A team of biomedical engineers have made a breakthrough in cell therapy research by successfully growing the first functioning human skeletal muscle from induced pluripotent stem cells. Previous related work resulted in the growth of skeletal muscle from primary human myoblasts obtained from muscle biopsies. However, primary cells are not the optimal starting material since they have limited growth in vitro, are less robust with serial passaging, and can be difficult to get from donors. Human pluripotent stem cells (hPSCs), which do not have these limitations, show promise for regenerative therapy applications. The research findings were published in Nature Communications.
"Starting with pluripotent stem cells that are not muscle cells, but can become all existing cells in our body, allows us to grow an unlimited number of myogenic progenitor cells," said Nenad Bursac, professor of biomedical engineering at Duke University. "These progenitor cells resemble adult muscle stem cells called 'satellite cells' that can theoretically grow an entire muscle starting from a single cell."
Through trial and error, the team developed a reproducible protocol utilizing overexpression of Pax7, a myogenic transcription factor, to differentiate hPSCs into induced myogenic progenitor cells (iMPCs). The researchers demonstrated that in 2D culture, iMPSCs spontaneously differentiate into contacting multinucleated myotubes. Additional studies involving 3D culture showed that iMPSCs form functional skeletal muscle tissues (iSKM bundles) that behave like muscle fibers. The iSKM bundles were then implanted into mice and were observed to survive for at least three weeks and integrate into native mouse muscle tissue.

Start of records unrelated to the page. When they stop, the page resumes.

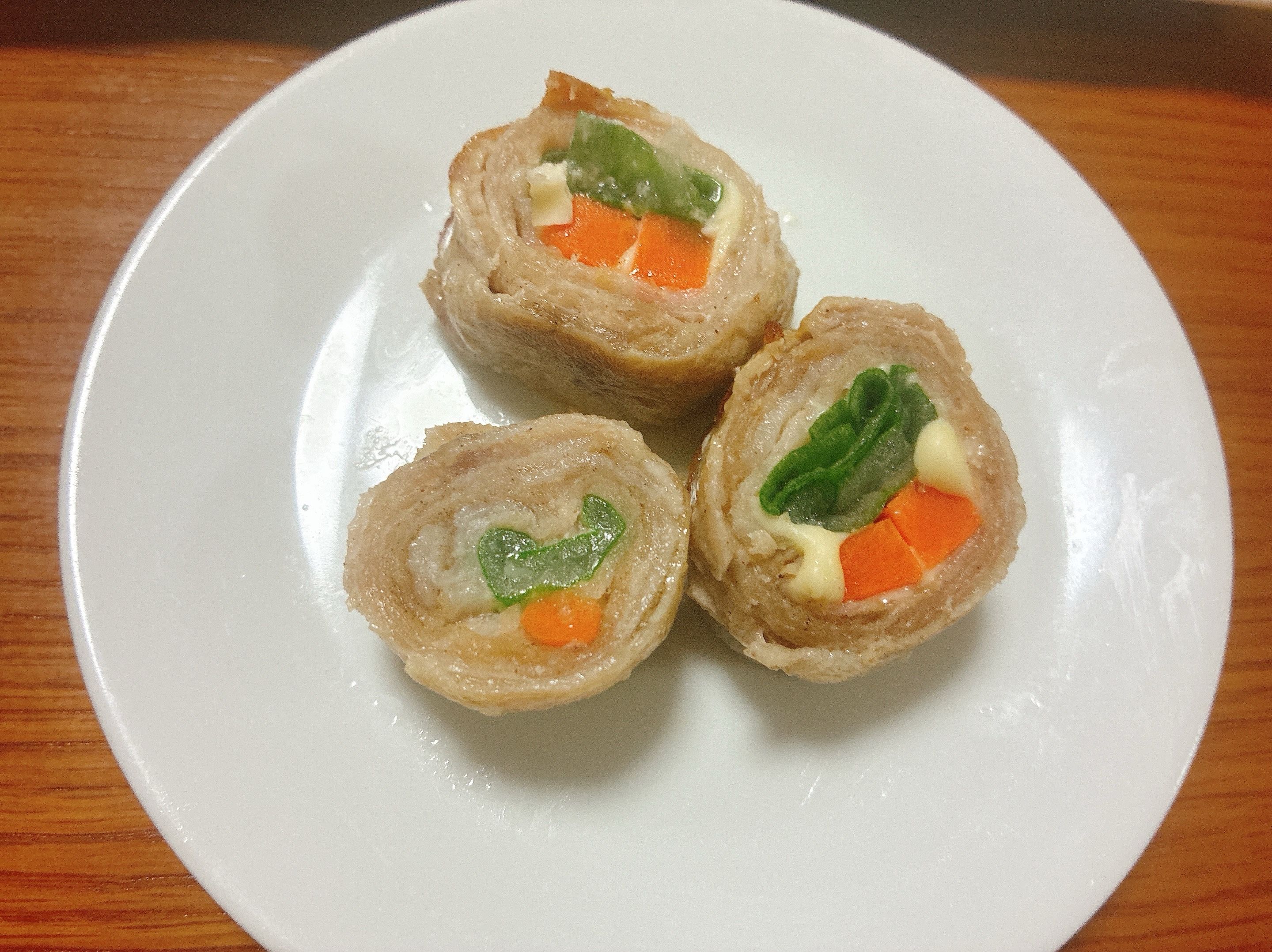 夫のおつまみに作ったら子供達がも喜んで食べてくれました✌️作り方はシンプルでヘルシー。材料は・豚肉の薄切り・野菜・スライスチーズ・塩コショウ・小麦粉・油少々
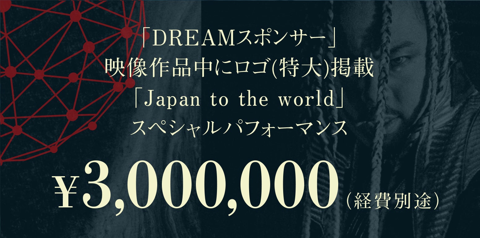 【法人向けDREAMスポンサープラン】法人向けのスペシャルプラン。クレジットの最後に特大でロゴを掲載させていただきます。また、KENTO MORIがスポンサーの方だけのスペシャルパフォーマンスを披露いたします。
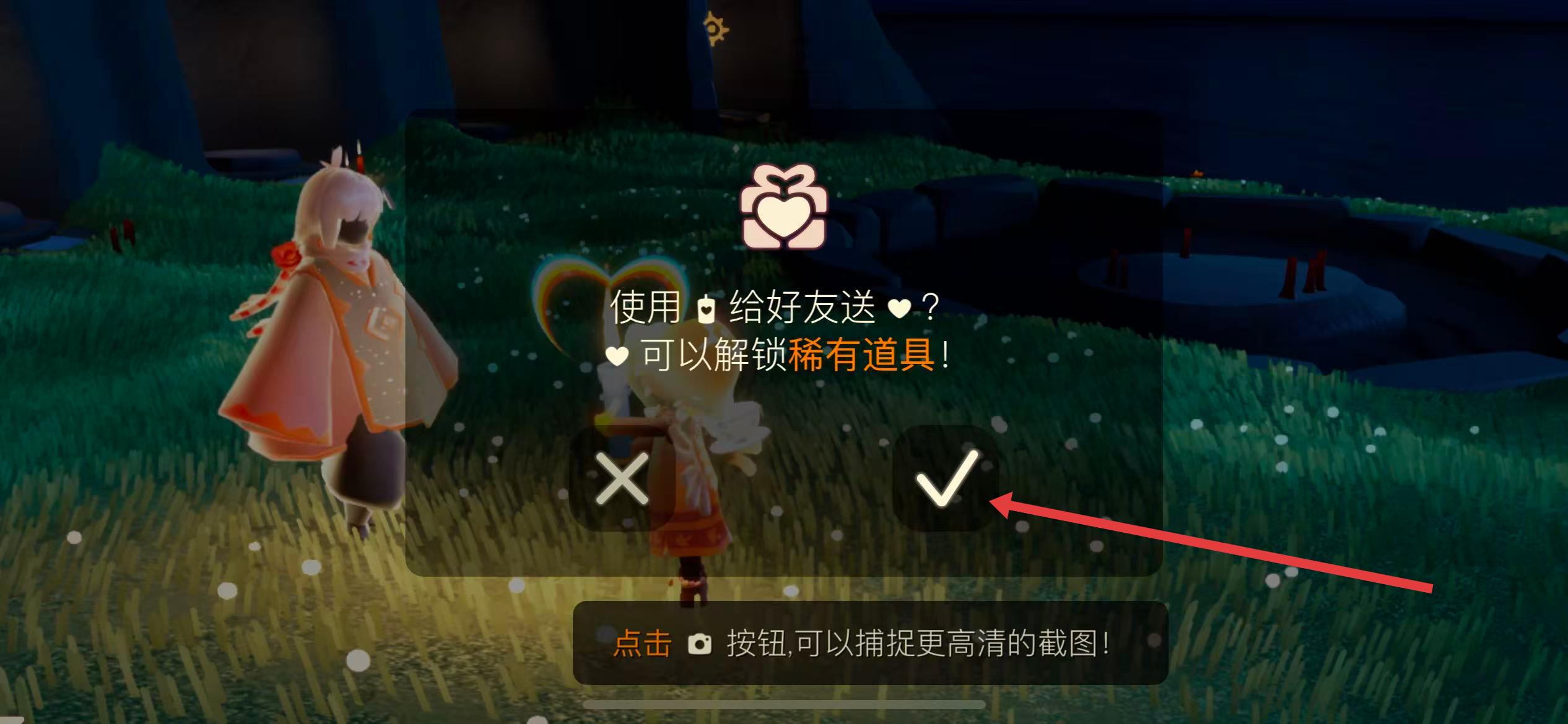 4、讓好友點(diǎn)擊人物頭上出現(xiàn)的贈(zèng)送按鈕,即可給好友送心。
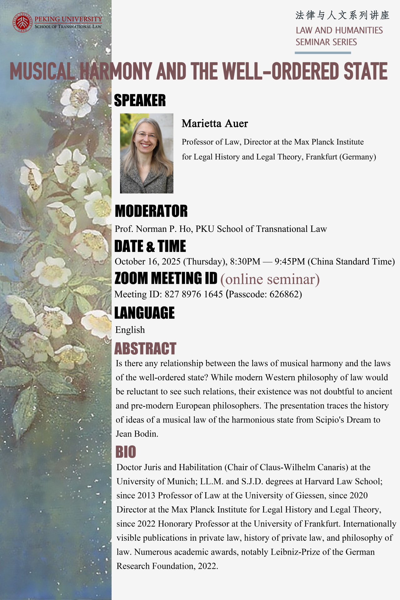 10月16日,北京大学国际法学院(英文简称“STL”)公开讲座“Musical Harmony and the Well-Ordered State”将于Zoom平台举行,欢迎感兴趣的师生积极到场参加!具体信息如下:
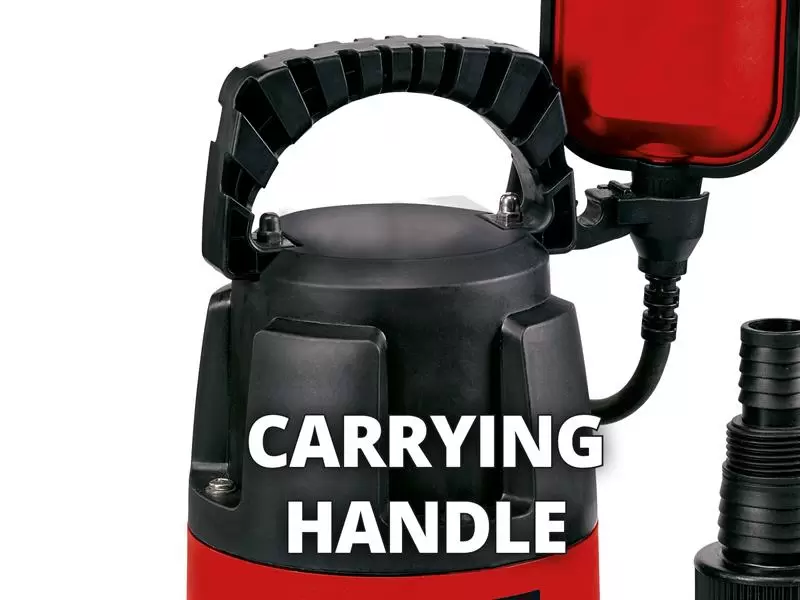 A practical cable winder and a sturdy integrated handle make it easy to move and store this submersible pump.
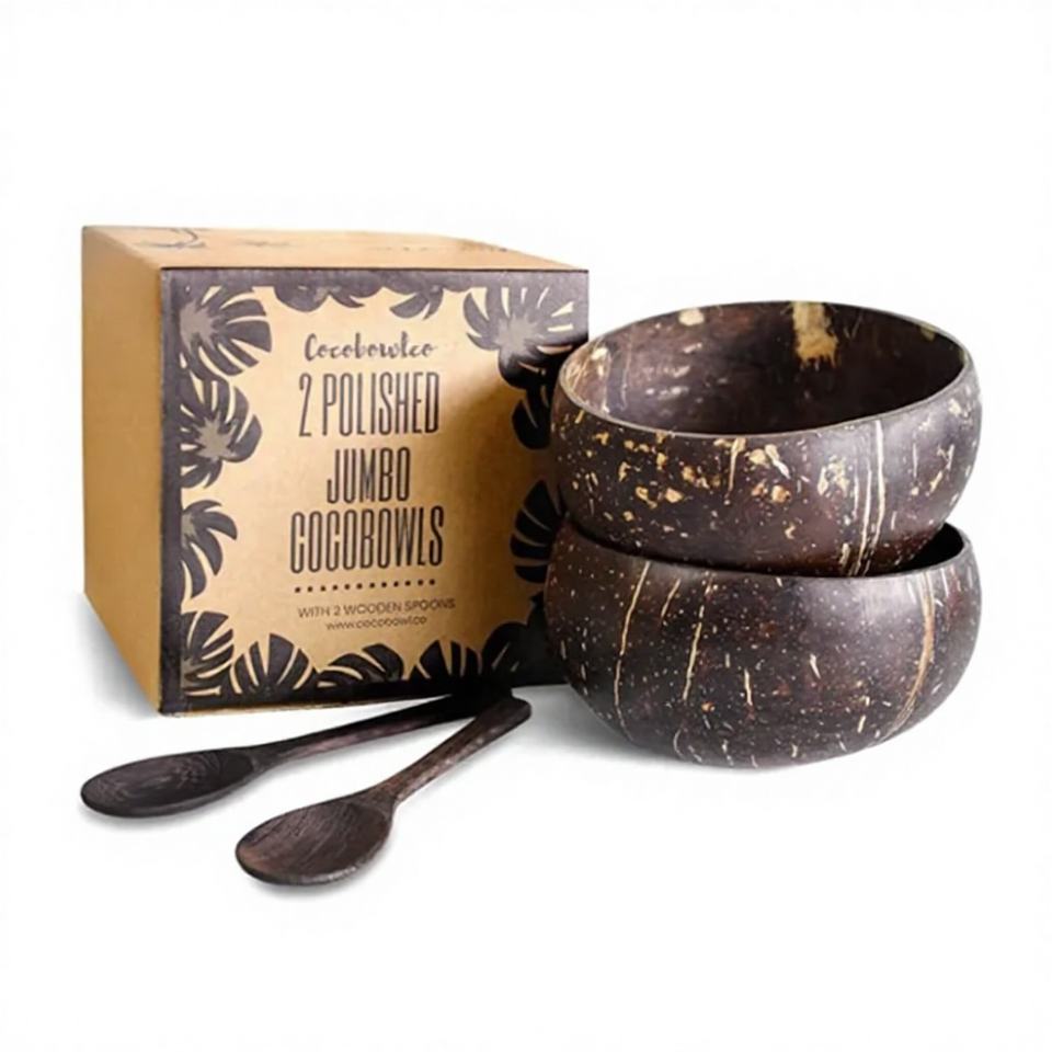 Food Safe Eco Friendly Coconut Shell Bowl Bamboo Spoon Set Fruit Reusable Free Microwave Safe Sustainable Tableware EU Wholesale
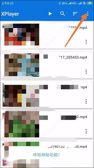 1、進(jìn)入xplayer界面后,等待一會(huì),我們就可以看到當(dāng)前手機(jī)上的絕大多數(shù)視頻了,點(diǎn)擊右上角的圓點(diǎn)圖標(biāo)
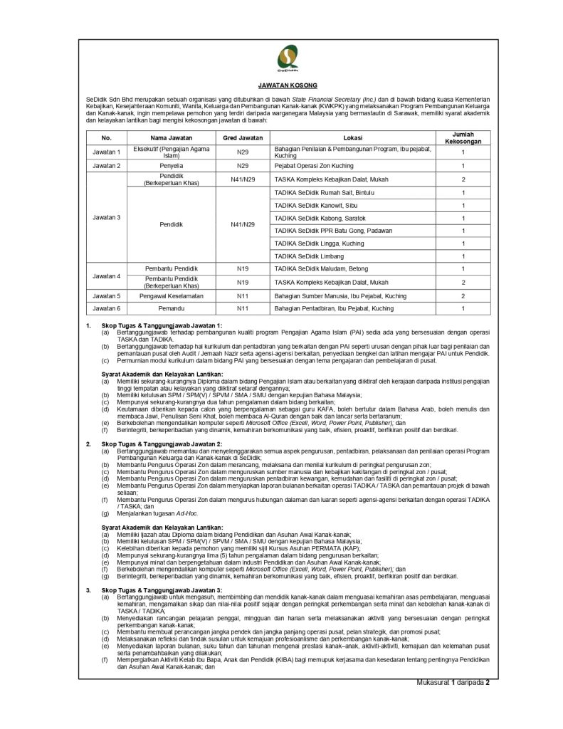 Iklan Jawatan SeDidik Sdn Bhd
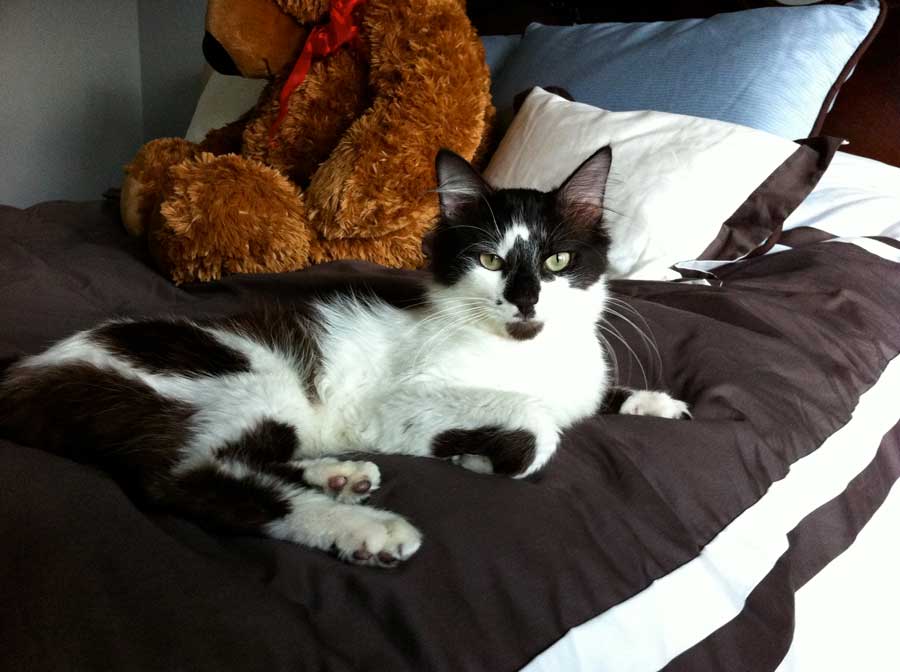 Keeping cats inside, or walking them with a harness and leash, makes it far less likely that they’ll go missing. But even this is no guarantee that they won’t get lost; any cat can get spooked and flee. My husband and I have witnessed two cats escaping from “cat-proof” harnesses while out on walks. We discovered firsthand it’s true they don’t go far — Harlan ran down the street, around the corner and sat waiting for us on the front porch. Teddy’s escape was far scarier — he ran and hid under a neighbor’s deck, three houses away, and it took us a while to find him.
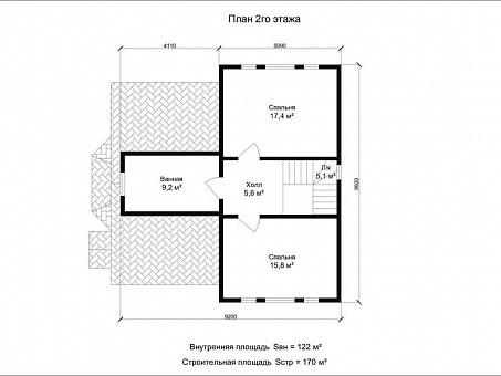 На втором этаже находиться две просторных спальни и ванная комната. |
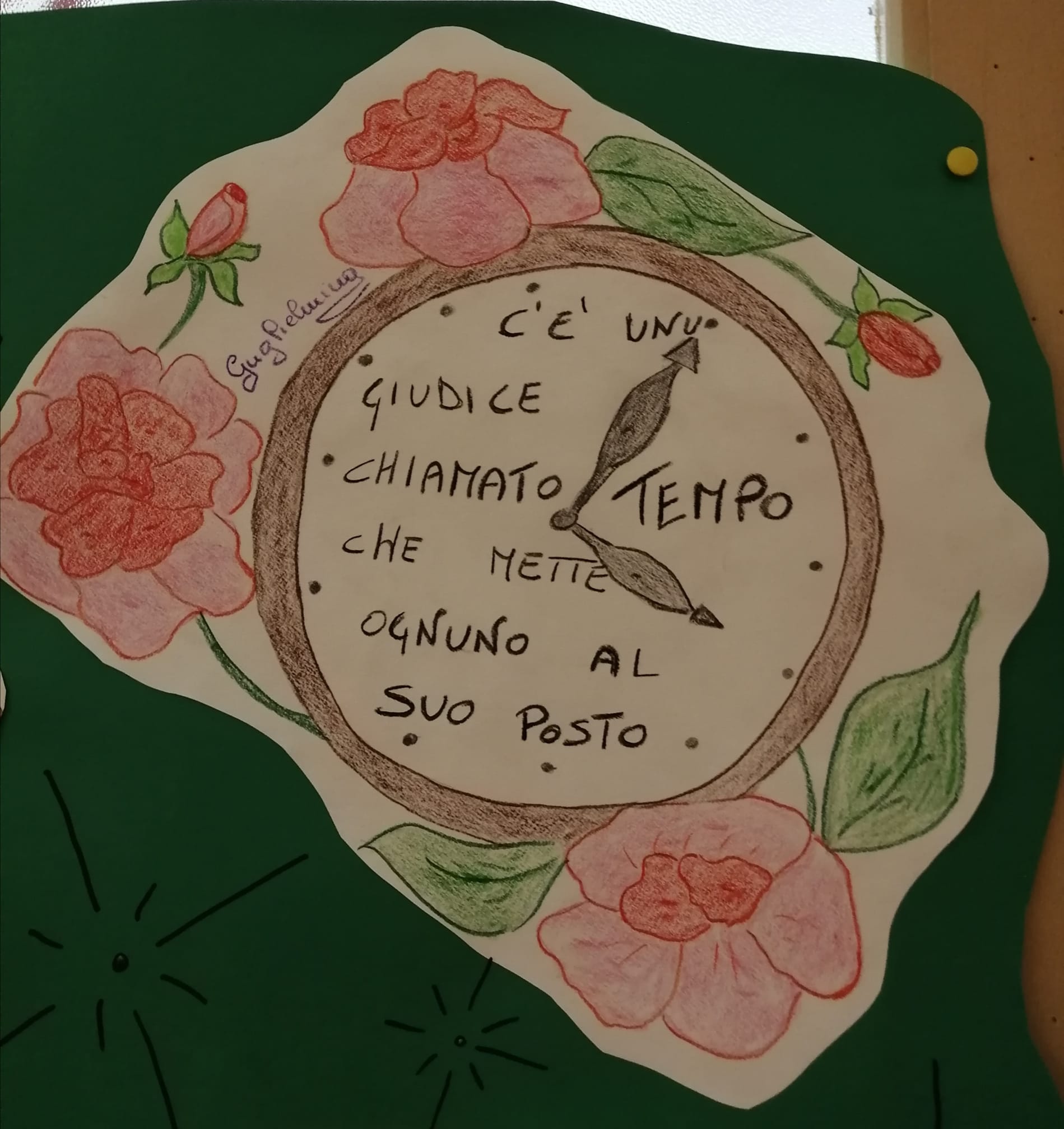 Durante l’ultimo incontro abbiamo creato un grande cartellone con le foto di tutti i momenti vissuti insieme e lo abbiamo appeso nel salone comune dove tutti lo possono vedere e ricordarsi della bella esperienza fatta assieme.
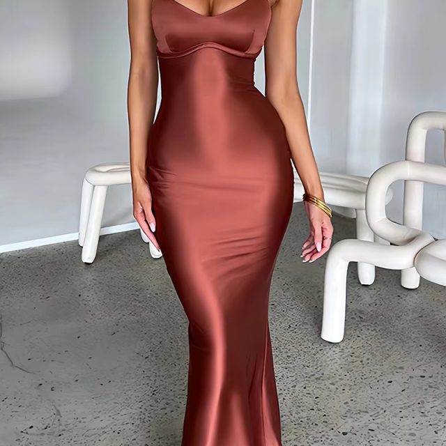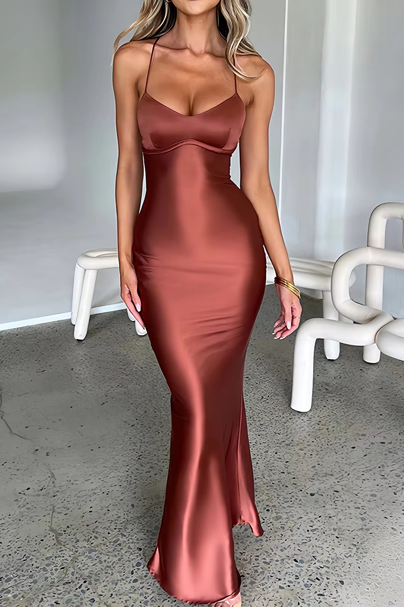 Victoria’s Vogue Sexy Satin Backless Lace Up Mermaid Slip Dress Women Sweetheart Neck Sexy Slim Bodycon Dresses Elegant Silk Gown Partywear
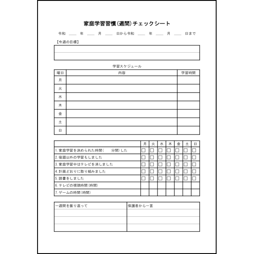 家庭学習習慣(週間)チェックシート
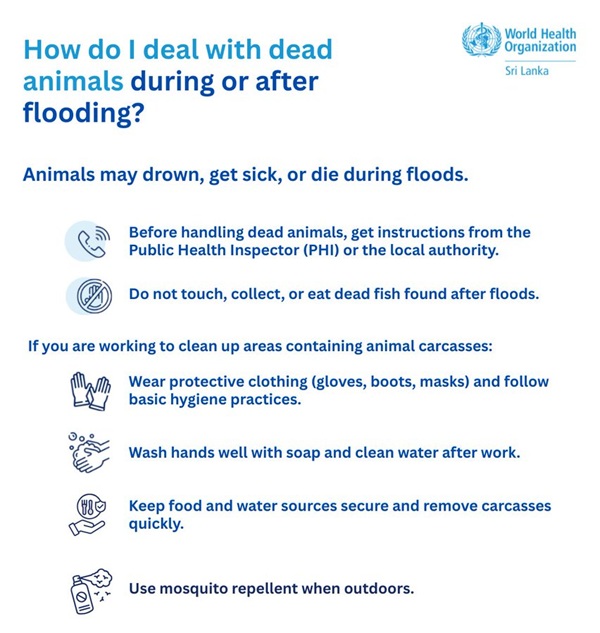 The World Health Organization (WHO) Sri Lanka has released public health guidance on how to safely manage dead animals found during or after flood events, in the wake of recent flooding across Sri Lanka.
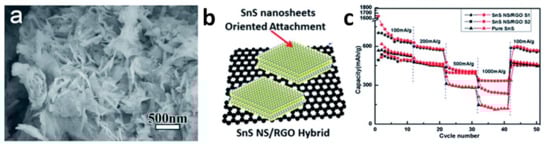 - Kang, J.-G.; Park, J.-G.; Kim, D.-W. Superior rate capabilities of SnS nanosheet electrodes for Li ion batteries. Electrochem. Commun. 2010, 12, 307–310. [Google Scholar] [CrossRef]
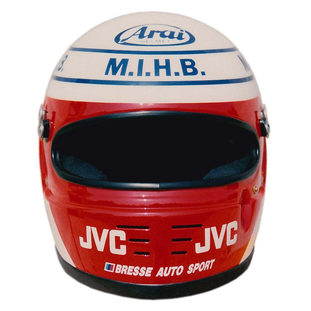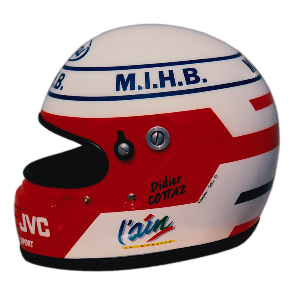 Circuit 1993 Didier COTTAZ Casque Arai GP 2, peint par Christian Roux / Rainbow Colors en 1993 pour Didier Cottaz, Team Formula Project, Champion de France de Formule 3. Précédent Suivant

Although the new muscle tissue is not as strong as native tissue or muscle grown from adult cells, researchers believe it has therapeutic potential. The stem-cell derived tissue has a large population of “satellite-like cells” that help adult muscles repair damage. Also, many more cells can be grown via the stem cell method than from adult cells and a much smaller number of cells are required to start the differentiation process. The research team is now focused on growing stronger muscle tissue with the hope of developing mouse models of rare muscle diseases and using the new method for regenerative therapies.